Robert-Bosch-Zimmer mit verdunkeltem Blick auf die Liederhalle

Das, was ihr aus dem Fenster nicht erkennen könnt, ist die Stuttgarter Liederhalle :)

Es klingklangklung in vergangenen Beiträgen ja schon hier und da an: das A&O hat eine literaturwissenschaftliche Vergangenheit. Universitärer Art. Deren Abschluss ist nun schon unglaubliche fünf Jahre her! Habe mich danach noch eine Weile mit einem selbst geleiteten Literaturkreis zu Englischer Frauenliteratur über dem interpretierlustigen Wortwasser gehalten (Verlinkung funktioniert noch, auch wenn’s dann etwas zerschossen aussieht ;) ). Dann kam eine Weile Verlagsarbeit mit gaaaaanz viel Teenie-zielgerichteten Fantasybüchern, gefolgt vom Komplett-Switch nach Stuttgart.

Da war ich nun, vor der virtuellen Haustür zwar viele Blogs lesefroher (nicht -wütiger) Menschen, aber einem leeren Ort an der Stelle, den zuvor die schönen (!) Uniseminare füllten. Dort, wo man Bücher nicht nur las und fühlte, sondern auch auseinander nahm:

  • Lesebrillen aufzog, die z. B. gewisse Lesarten scharfstellten,
  • Symbole sammelte, um aus ihnen eine Bedeutungsdecke zu weben und
  • dem Klang und der Wirkung von Worten ausrollende Aufmerksamkeit schenkte.
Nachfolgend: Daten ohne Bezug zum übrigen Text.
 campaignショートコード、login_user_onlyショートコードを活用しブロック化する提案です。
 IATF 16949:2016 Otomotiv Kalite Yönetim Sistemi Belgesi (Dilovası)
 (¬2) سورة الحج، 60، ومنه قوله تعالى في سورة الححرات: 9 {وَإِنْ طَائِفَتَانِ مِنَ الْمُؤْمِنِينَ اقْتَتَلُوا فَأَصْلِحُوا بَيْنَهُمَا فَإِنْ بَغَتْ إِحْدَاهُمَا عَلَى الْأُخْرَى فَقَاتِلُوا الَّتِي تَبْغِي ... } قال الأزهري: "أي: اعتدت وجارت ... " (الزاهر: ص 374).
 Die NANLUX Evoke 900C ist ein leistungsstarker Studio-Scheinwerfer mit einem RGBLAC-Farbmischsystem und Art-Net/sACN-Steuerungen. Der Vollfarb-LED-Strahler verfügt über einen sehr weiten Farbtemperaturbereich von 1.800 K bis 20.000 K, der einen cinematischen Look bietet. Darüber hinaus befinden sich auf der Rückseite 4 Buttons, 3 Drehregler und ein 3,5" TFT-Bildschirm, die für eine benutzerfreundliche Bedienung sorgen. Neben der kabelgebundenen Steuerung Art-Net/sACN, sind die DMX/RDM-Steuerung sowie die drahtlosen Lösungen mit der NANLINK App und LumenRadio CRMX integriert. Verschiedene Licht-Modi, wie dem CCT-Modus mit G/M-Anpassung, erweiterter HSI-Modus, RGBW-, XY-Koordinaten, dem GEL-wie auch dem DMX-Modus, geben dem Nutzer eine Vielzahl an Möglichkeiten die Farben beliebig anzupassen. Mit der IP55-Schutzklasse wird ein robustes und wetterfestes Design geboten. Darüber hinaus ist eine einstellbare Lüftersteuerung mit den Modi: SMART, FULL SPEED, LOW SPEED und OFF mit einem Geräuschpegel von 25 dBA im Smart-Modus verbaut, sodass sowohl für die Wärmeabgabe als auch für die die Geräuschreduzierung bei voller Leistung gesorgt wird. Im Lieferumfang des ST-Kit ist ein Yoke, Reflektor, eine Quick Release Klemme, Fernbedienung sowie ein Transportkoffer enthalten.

Ihr glaubt gar nicht, was man dann von zwischen den Zeilen zu Tage fördert. Es steht die ganze Zeit da, aber nur mit der besonderen Lesezeit, und indem man in einer Gruppe ein Satzsuchtrupp-Erlebnis teilt, wird es sichtbar, erlebbar. Puh, was sich nun wie ein Manifest zur Literaturanalyse dahertrabt will euch eigentlich nur eines sagen: Dieses Leseerlebnis hat mir gefehlt. Und gerade, als ich dachte, es gäbe “nur” Lesekreise, in denen man “nur” den Inhalt und Empfindungen bespricht (keineswegs abwertend gemeint. Nur eben nicht mein Platz), da habe ich ihn doch gefunden: den richtigen Ort. (Übrigens durch einen Tipp der Schiller Buchhandlung! Many thanx! :)) Das ist der Literarische Salon von Elisabeth Weller, der semesterweise im Literaturhaus Stuttgart stattfindet.
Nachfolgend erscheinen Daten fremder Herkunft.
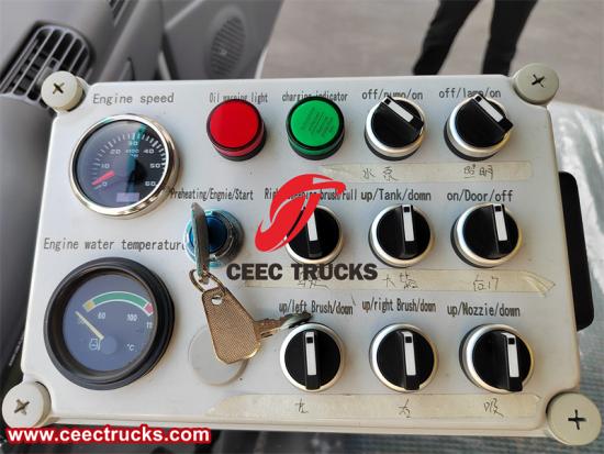 Isuzu100P 5.5 cubic meter road sweeper is equipped with an advanced control system, including various instruments and buttons in the cab, the road sweeper work operation box and the box operation control box under the tail of the box. The driver can easily control the vehicle's driving, sweeping, watering, vacuuming and other actions through the control system.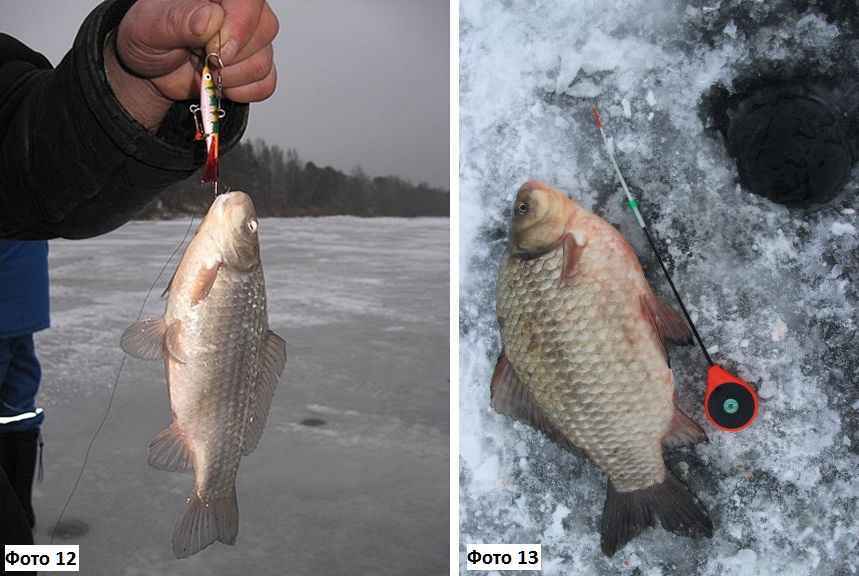 На реках, особенно в их устьях и протоках, караси периодически попадаются на некрупные балансиры длиной 25 – 50 мм (фото 12). В таких местах на них вообще хорошо ловятся многие мирные рыбы, включая крупную плотву и густеру. Причем, как и в случае с блеснами, речь о багрении рыб не идет. Полагаю, это лишний раз подчеркивает всеядность многих видов подводных обитателей. Особенно на фоне уменьшения количества корма в зимний период.

Zum Beginn des aktuellen Semesters habe ich Elisabeth Weller 5 Sitzsatz-Fragen gestellt. Elisabeth leitet die Salons. Lese(an)leitung mit Literaturliebe. Lesepower über und zwischen den Zeilen. Das sind ihre Antworten. Tausend Dank dafür :)

5 Sitzsatz-Fragen an Elisabeth Weller

Was ist deine Philosophie beim Interpretieren von Literatur? Und wie bringst du die in deinen Kursen unter?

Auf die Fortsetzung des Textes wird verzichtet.